Records contained in a dataset
- - - -
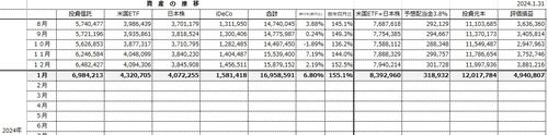 おはようございます。2024年1月の資産の推移を振り返りたいと思います。このようになりました。 米国株が堅調に推移し、資産が増加しました。特に投資信託、iDeCoで購入している楽天VTIが牽引してくれました。 線グラフで表記します。 高配当株はこんな…
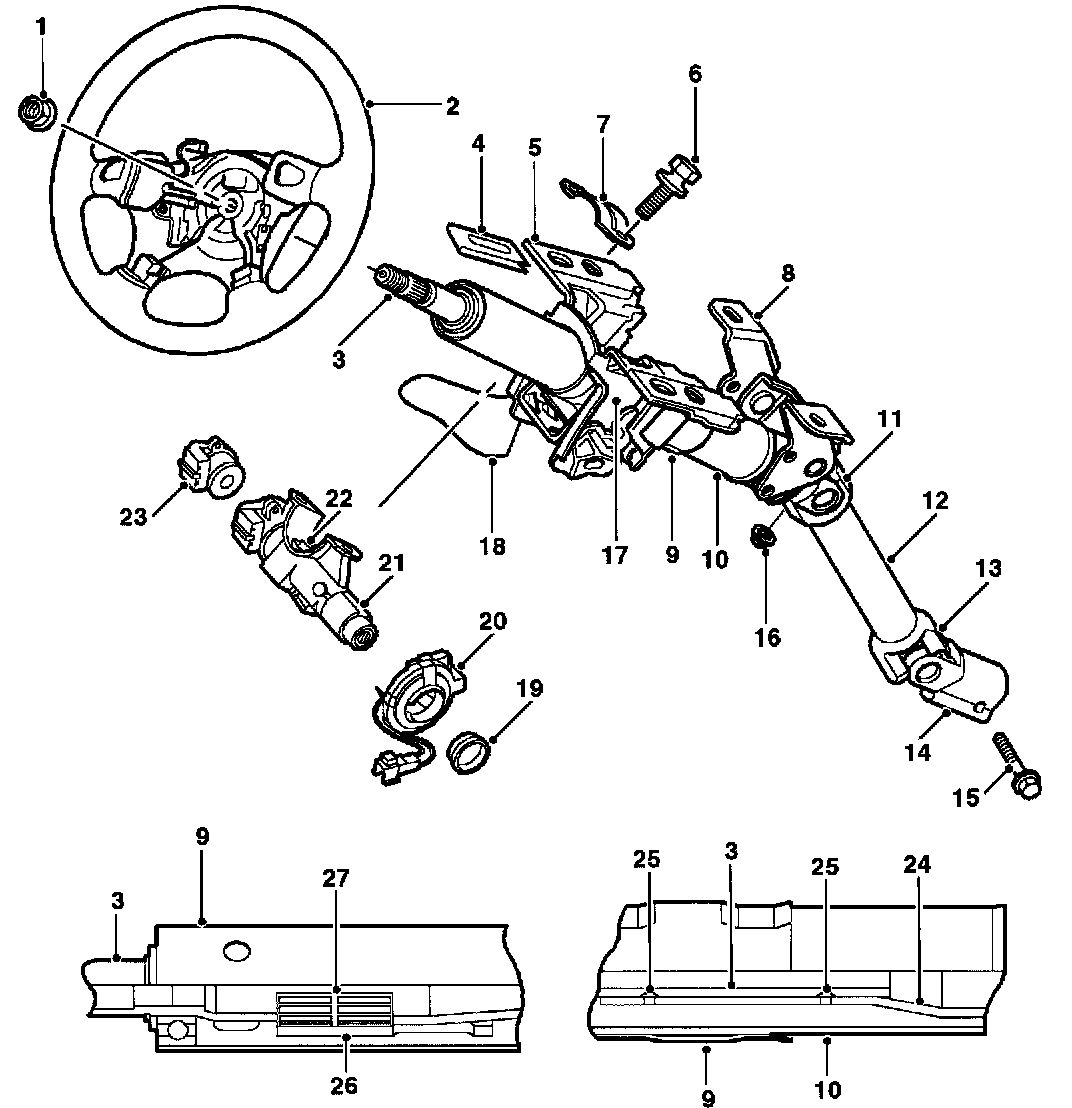 The central shaft comprises of two parts and is located in bearings in the upper and lower column tubes. The upper shaft is located inside the lower shaft. Mating cross holes in each shaft are connected by nylon injection molded shear pins.
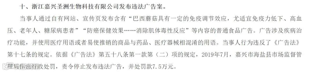 2019年,浙江嘉兴圣洲生物科技有限公司因发布涉及疾病治疗功能、使用医疗用语的普通食品广告“巴西蘑菇”,被罚款7.5万元。
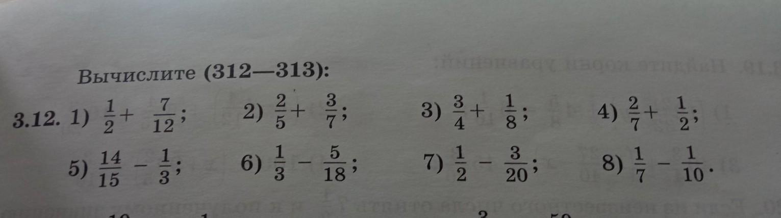Вычислите (312-313): 3.12. 1) + 1/2 14 1 5) //-// 15 3 2) 6) colm crito - - 3 7 5 18 3) 34 12 7) 1/1/2- 1 8 3 20 4) 8) PIC
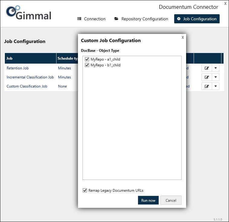 10. Select all the docbases and object types you wish to undergo the initial step of re-recordizing all the records to update to the new clickable URI format, select the "Remap Legacy Documentum URLs" checkbox, and press 'Run now'.
- - - -
__WHAT THIS TASK INVOLVES__
Copy the entries character for character, excluding any pictures.

__ANSWER FOR THIS EXERCISE__
 おはようございます。2024年1月の資産の推移を振り返りたいと思います。このようになりました。 米国株が堅調に推移し、資産が増加しました。特に投資信託、iDeCoで購入している楽天VTIが牽引してくれました。 線グラフで表記します。 高配当株はこんな…
 The central shaft comprises of two parts and is located in bearings in the upper and lower column tubes. The upper shaft is located inside the lower shaft. Mating cross holes in each shaft are connected by nylon injection molded shear pins.
 2019年,浙江嘉兴圣洲生物科技有限公司因发布涉及疾病治疗功能、使用医疗用语的普通食品广告“巴西蘑菇”,被罚款7.5万元。
Вычислите (312-313): 3.12. 1) + 1/2 14 1 5) //-// 15 3 2) 6) colm crito - - 3 7 5 18 3) 34 12 7) 1/1/2- 1 8 3 20 4) 8) PIC
 10. Select all the docbases and object types you wish to undergo the initial step of re-recordizing all the records to update to the new clickable URI format, select the "Remap Legacy Documentum URLs" checkbox, and press 'Run now'.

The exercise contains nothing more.